Convert timestamps with offset to datetime obj using strptime

I am trying to convert time-stamps of the format “2012-07-24T23:14:29-07:00”
to datetime objects in python using strptime method. The problem is with the time offset at the end(-07:00). Without the offset i can successfully do

time_str = "2012-07-24T23:14:29"

time_obj=datetime.datetime.strptime(time_str,'%Y-%m-%dT%H:%M:%S')

But with the offset i tried

time_str = "2012-07-24T23:14:29-07:00"

time_obj=datetime.datetime.strptime(time_str,'%Y-%m-%dT%H:%M:%S-%z').

But it gives a Value error saying “z” is a bad directive.

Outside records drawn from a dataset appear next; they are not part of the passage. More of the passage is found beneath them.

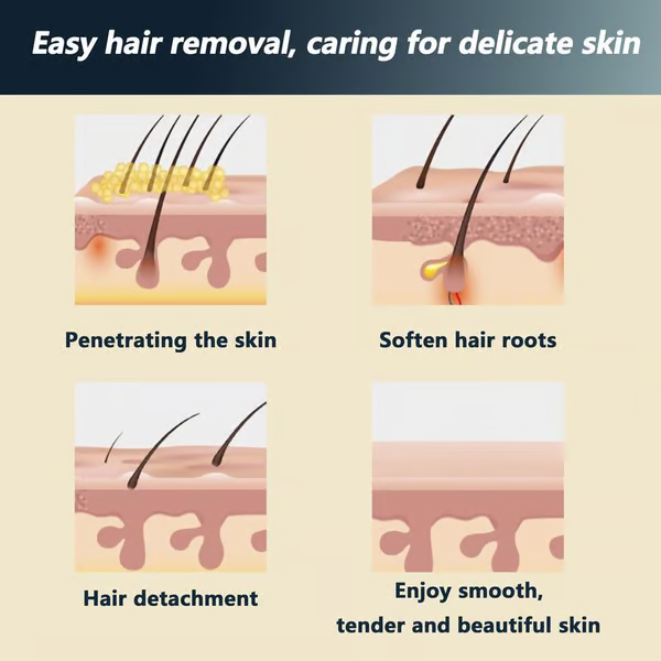 Designed for intimate and private areas, this hair removal cream works deeply to remove hair closer to the roots, ensuring long-lasting smoothness 🕶️. Feel confident and refreshed for longer periods without worrying about stubble or irritation!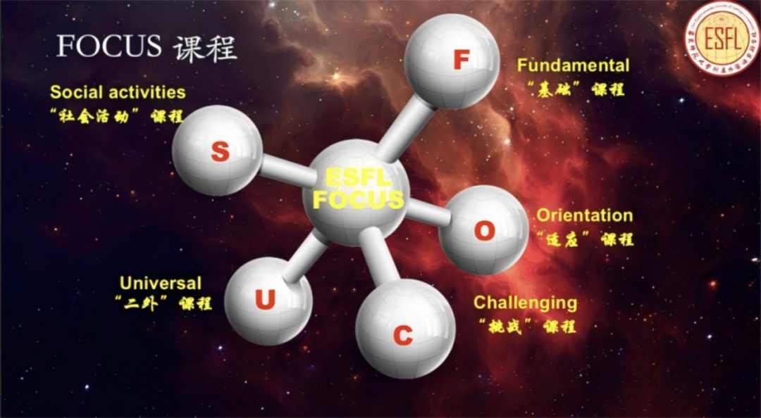 FOCUS在英文里的含义是“焦点、聚焦”。在华外实验的语境里,它有两层指向:一是聚焦课堂,把国家课程这块“基本盘”夯实;二是聚焦学生的全面发展,在此基础上做出有层次、有梯度的延展。学校用F、O、C、U、S五个字母,为学生画出了一张从基础到挑战、从校园走向世界的课程地图。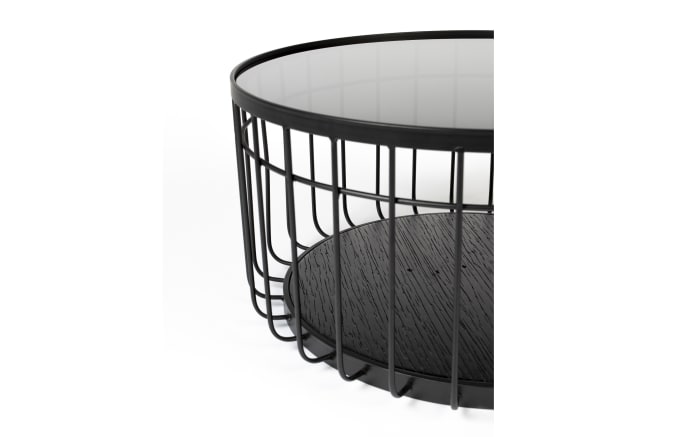 Ausführung der Tischplatte aus gehärtetem Glas in schwarz, Metallrahmen in schwarz pulverbeschichtet, MDF Bodenplatte mit Tannenholzfurnier in schwarz lackiert, Höhe ca. 31 cm, Durchmesser ca. 60 cm.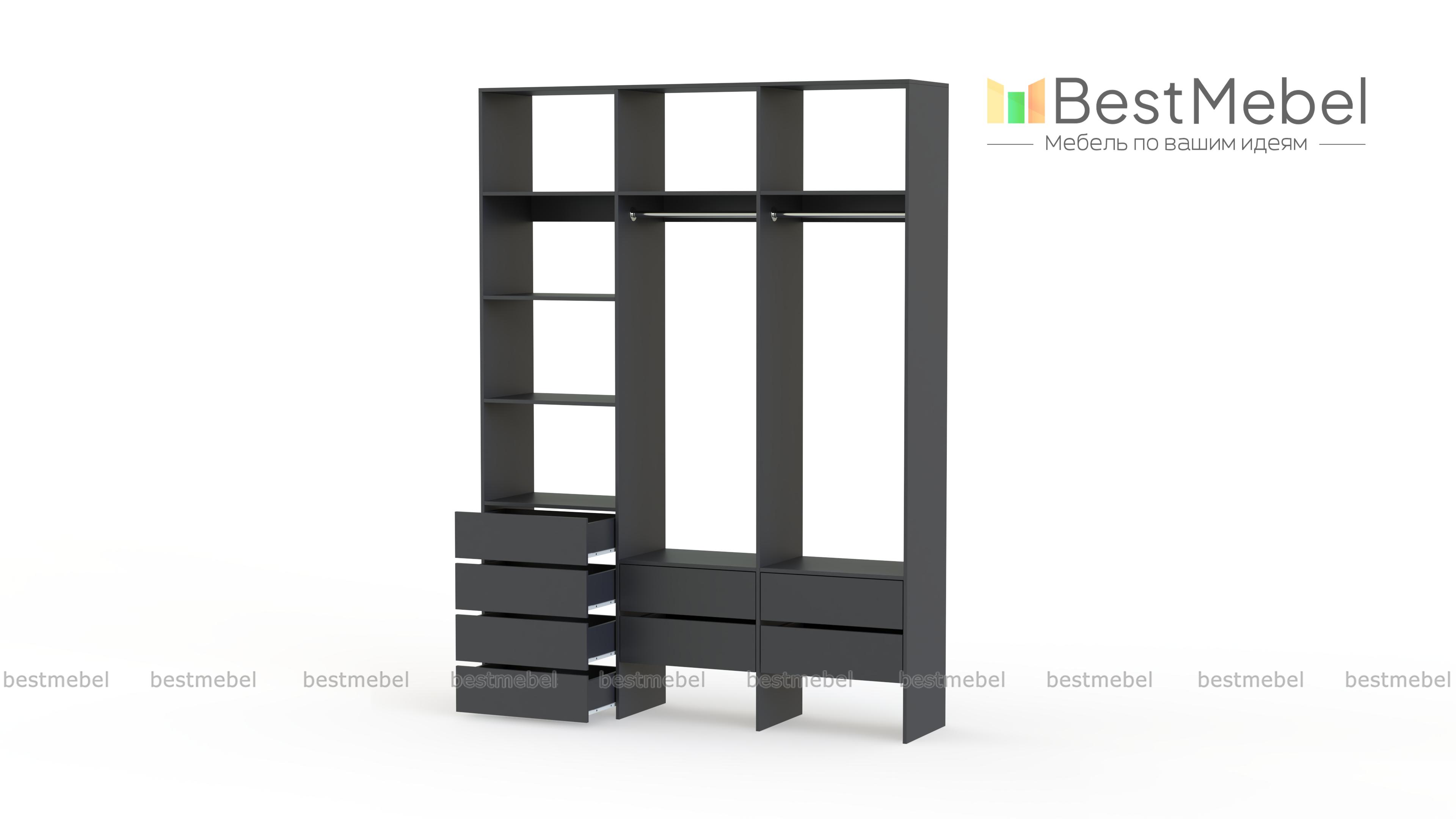 Стеллаж для одежды Мирта 54 BMS станет частью современной прихожей или гардеробной. Конструкция из ламинированной плиты имеет универсальный дизайн, надежна и функциональна. Система хранения трехсекционного стеллажа включает в себя две платяные штанги, ящики для белья и мелочей, ряд верхних и боковых полок, а пространство под ящиками можно использовать для размещения обуви. Купить стеллаж для одежды Мирта 54 BMS приглашаем в наш интернет-магазин, подобрав нужные размеры и цвет по каталогу.

Any ideas for a work around?

Answers:

Thank you for visiting the Q&A section on Magenaut. Please note that all the answers may not help you solve the issue immediately. So please treat them as advisements. If you found the post helpful (or not), leave a comment & I’ll get back to you as soon as possible.

Method 1

The Python 2 strptime() function indeed does not support the %z format for timezones (because the underlying time.strptime() function doesn’t support it). You have two options:

  • Ignore the timezone when parsing with strptime:
    time_obj = datetime.datetime.strptime(time_str[:19], '%Y-%m-%dT%H:%M:%S')
  • use the dateutil module, it’s parse function does deal with timezones:
    from dateutil.parser import parse
    time_obj = parse(time_str)

Quick demo on the command prompt:

>>> from dateutil.parser import parse
>>> parse("2012-07-24T23:14:29-07:00")
datetime.datetime(2012, 7, 24, 23, 14, 29, tzinfo=tzoffset(None, -25200))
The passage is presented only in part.